= B. Michael Watson =

B. Michael Watson (born July 3, 1949) is a bishop of The United Methodist Church, elected in 2000. He served as resident bishop of the North Georgia Annual Conference, which comprises 1,000 churches, more than 1,500 clergy members, and more than 320,000 lay members. He retired in 2016 and currently serves as ecumenical officer of the Council of Bishops.

==Education==
Watson received a bachelor of science degree in finance and real estate from the University of Alabama, a master of divinity degree from Candler School of Theology and a doctor of ministry degree from Vanderbilt University.

==Ordained ministry==
Prior to his election to the episcopacy, Watson served as a pastor in the Alabama-West Florida Conference of The United Methodist Church. He was ordained deacon in 1972 and elder in 1976 in the Alabama-West Florida Annual Conference. He served Decatur First United Methodist Church in Decatur, Georgia, from 1973 to 1974, while he was a student at Candler School of Theology. In his home conference, he served Aldersgate UMC in Molino, Florida, from 1975 to 1977 and Christ UMC in Milton, Florida, from 1977 to 1979. He was founding pastor of Covenant UMC in Dothan, Alabama, where he served from 1979 to 1990. He was appointed to Dauphin Way UMC in Mobile, Alabama, in 1990, where he served until he was elected bishop in the Southeastern Jurisdiction of the United Methodist Church in 2000.

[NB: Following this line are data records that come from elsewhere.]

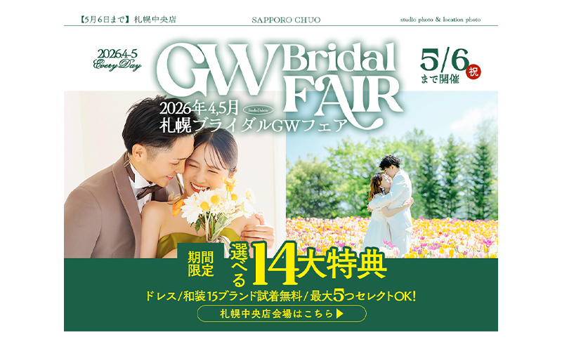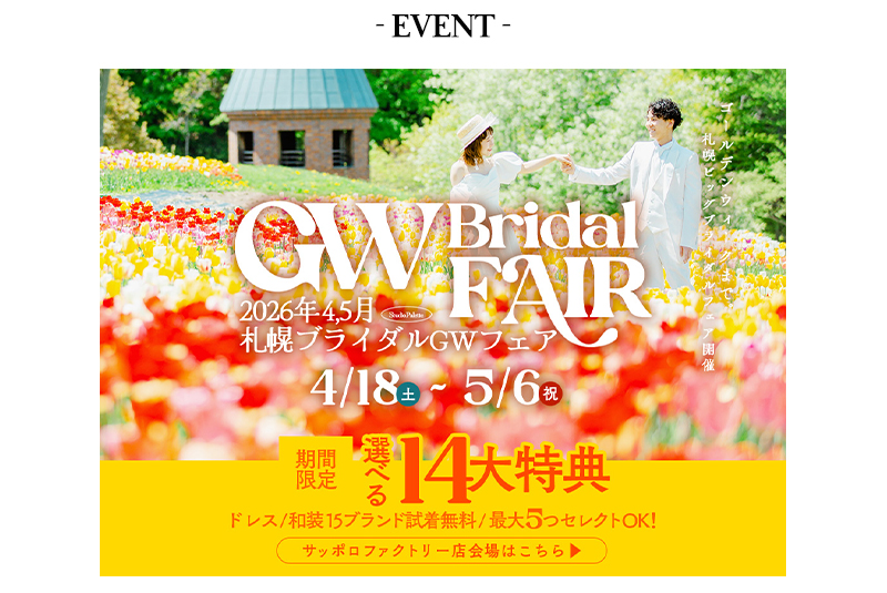 ★【札幌中央店】2026年5月6日までの限定開催中!札幌GWブライダルフェア@札幌中央会場
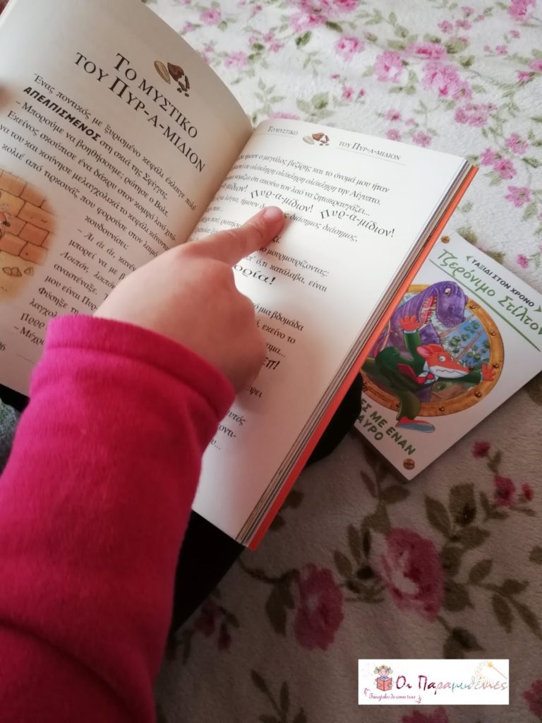 Εμείς διαβάσαμε (μέχρι στιγμής) απο τη σειρά Ταξίδι στο χρόνο, το Στενές επαφές με έναν Τυραννόσαυρο και Τα μυστικά των πυραμίδων. Εκτός απο το ότι είναι ευανάγνωστο και ευχάριστο για παιδιά ηλικίας 7+, μας εντυπωσίασε πως ανάλογα με τα συναισθήματα και τα βιώματα του μικροσκοπικού ήρωα το χρώμα και το μέγεθος της γραμματοσειράς αλλάζει και το κείμενο αποκτά κίνηση.
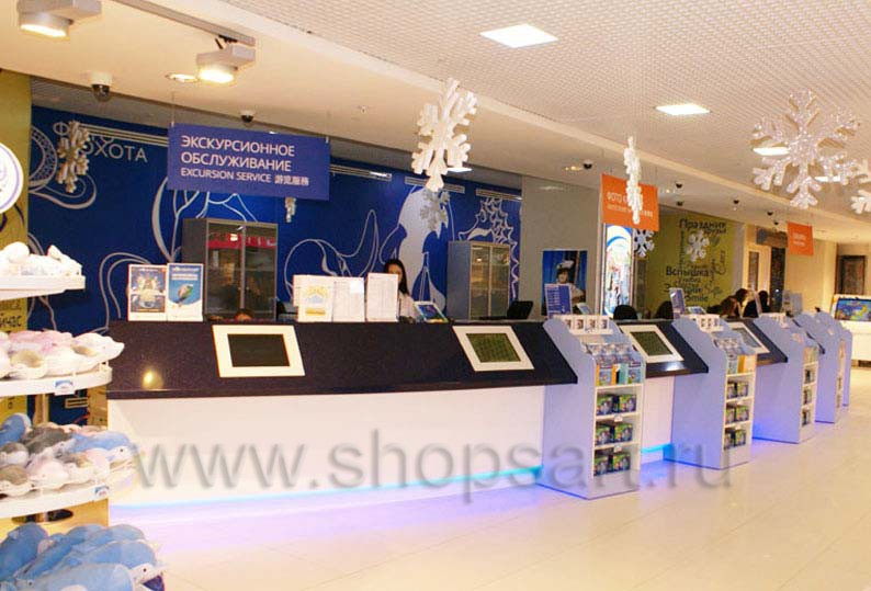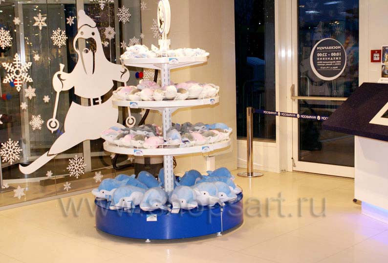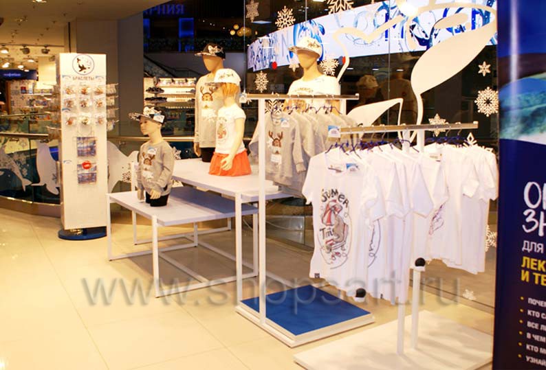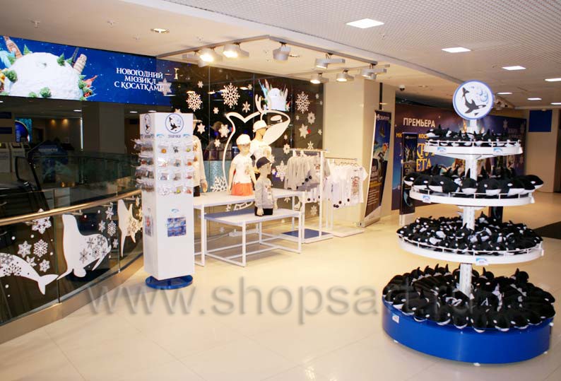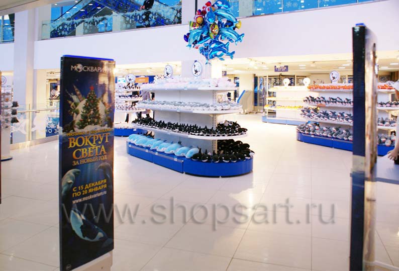 На этой странице Вы можете ознакомиться с фотографиями торгового оборудования детского сувенирного магазина, находящегося в городе Москве, ВДНХ, проспект Мира, 119 стр.23, в научно-развлекательном комплексе океанариума и дельфинария Москвариум, в зоне входа-выхода, на основе коллекции торгового оборудования «ЦВЕТНЫЕ МЕТАЛЛИЧЕСКИЕ СТЕЛЛАЖИ». Разработала и поставила торговую мебель: торговые стеллажи, овальные стеллажи, пристенные стеллажи и другую торговую мебель компания «Искусство интерьеров». Узнать больше о наших коллекциях мебели для магазинов Вы можете на странице торгового оборудования для детских магазинов.
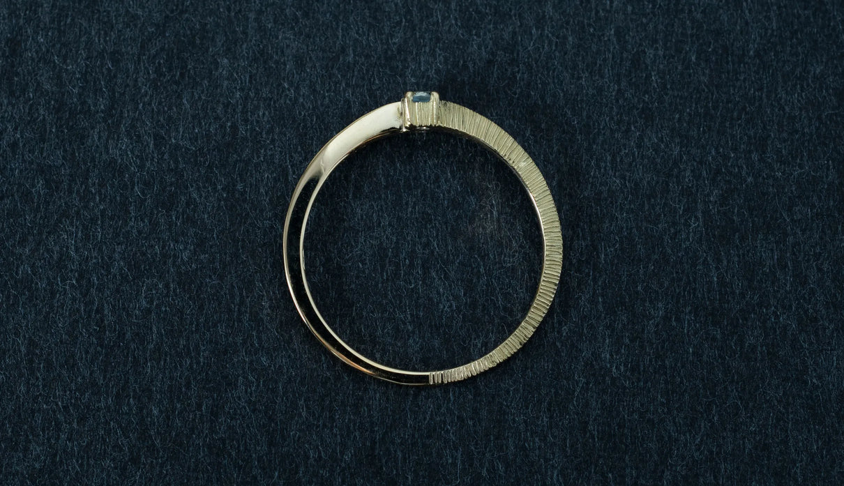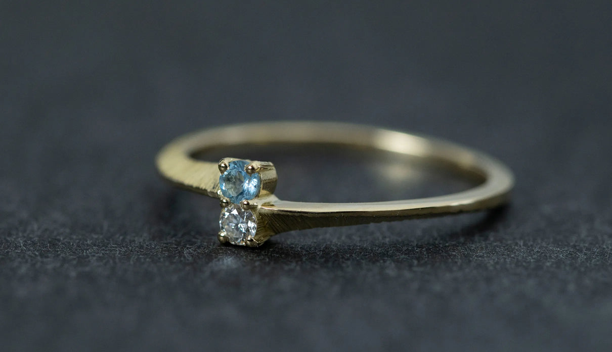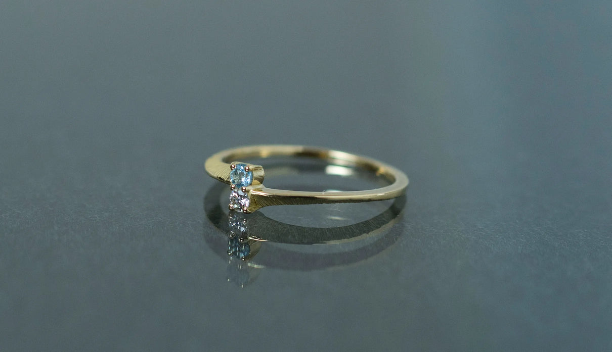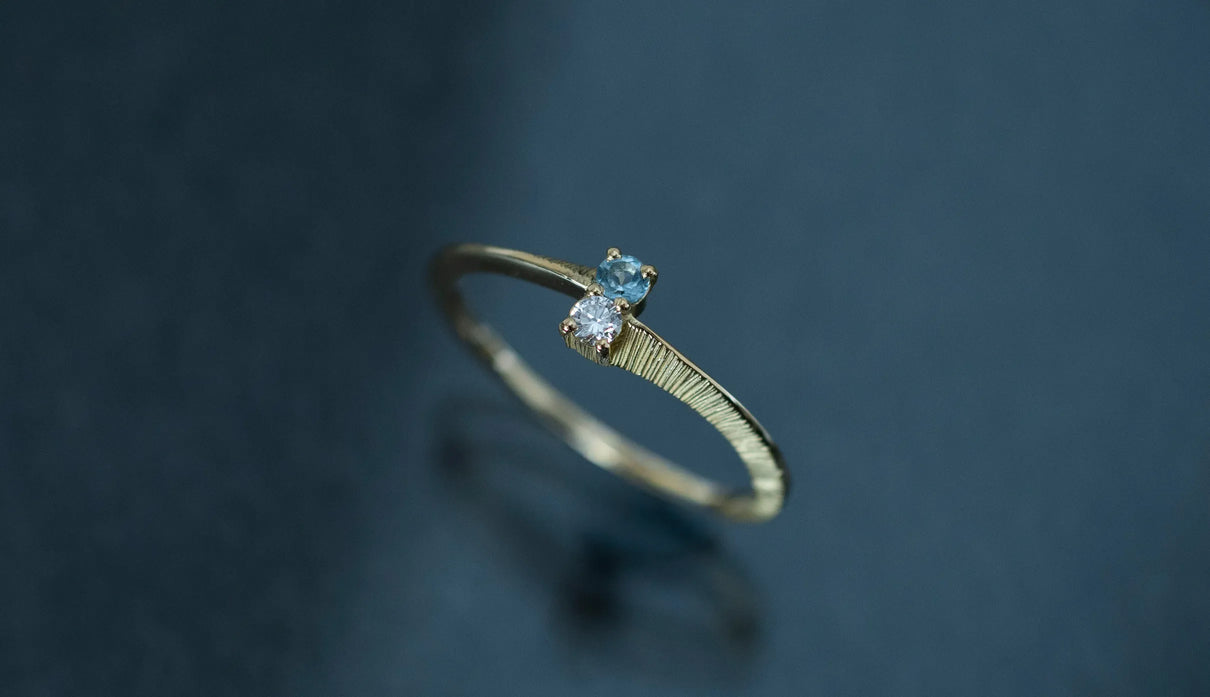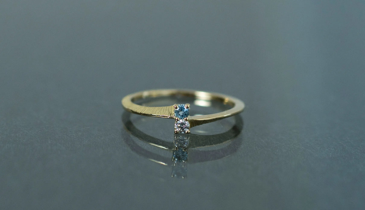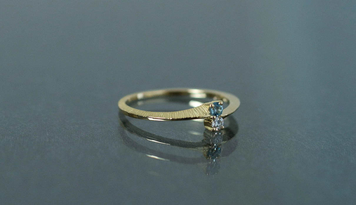 輝きが美しい上質なブルートパーズとダイヤモンドを留めたリング。異なる宝石が縦にふたつ並んだ上品な佇まいと、正面から見た時に極細の艶テクスチャーを施したK18ゴールドの極細線が華奢な雰囲気を醸します。無数の線で描く緻密な手彫り装飾面と、艶めく光沢面が半周ずつアシンメトリーになったリング側面のデザインと相まって角度によって様々な表情を見せてくれ、装いにひと匙の個性と凛とした雰囲気を添えてくれるアイテムです。11月の誕生石としても親しまれているトパーズは、11月生まれの方の特別なお守りとしてもお勧めです。

He was consecrated a bishop at a service of consecration held at Lake Junaluska, North Carolina July 15, 2000. Watson served two quadrennia as resident bishop of the South Georgia Annual Conference of The United Methodist Church. In 2008 he was appointed resident bishop of the North Georgia Annual Conference of The United Methodist Church. His office is at The United Methodist Center in the grounds of Simpsonwood Conference and Retreat Center in Norcross, Georgia.

==Boards and committees==
- Chair, World Methodist Council Personnel Committee
- Delegate, World Methodist Conference: Singapore, 1991; Rio de Janeiro, Brazil, 1996; Brighton, England, 2001; Seoul, Korea, 2006
- Chair, Central Conference Pension Initiative of The United Methodist Church, $25M goal
- Steering Committee Chair, Campaign Emory - Candler School of Theology, $60M goal
- Chair, Board of Directors of the General Board of Pension and Health Benefits 2008-2012

Watson serves on the Board of Trustees for: Gammon Theological School, Clark Atlanta University, Emory University, LaGrange College, Oxford College of Emory University, Paine College, Reinhardt University, Wesleyan College, Young Harris College, United Methodist Children’s Home, Georgia United Methodist Foundation, Camp Glisson, Simpsonwood Conference and Retreat Center, Wesley Woods Senior Living, and the Methodist Foundation for Retired Ministers.

== Publications ==
- The Upper Room, daily devotional, November - December, 1987: United Methodist Publishing House
- The Living Pulpit, April - June, 1998, New York Theological Seminary
- Adult Bible Studies, Fall 2008 Lessons, Nashville, Tennessee: United Methodist Publishing House

== Personal ==
Watson is married to Margaret Lee Watson. They have two adult children, Ben Watson and Elizabeth Watson Riddle, and four grandchildren.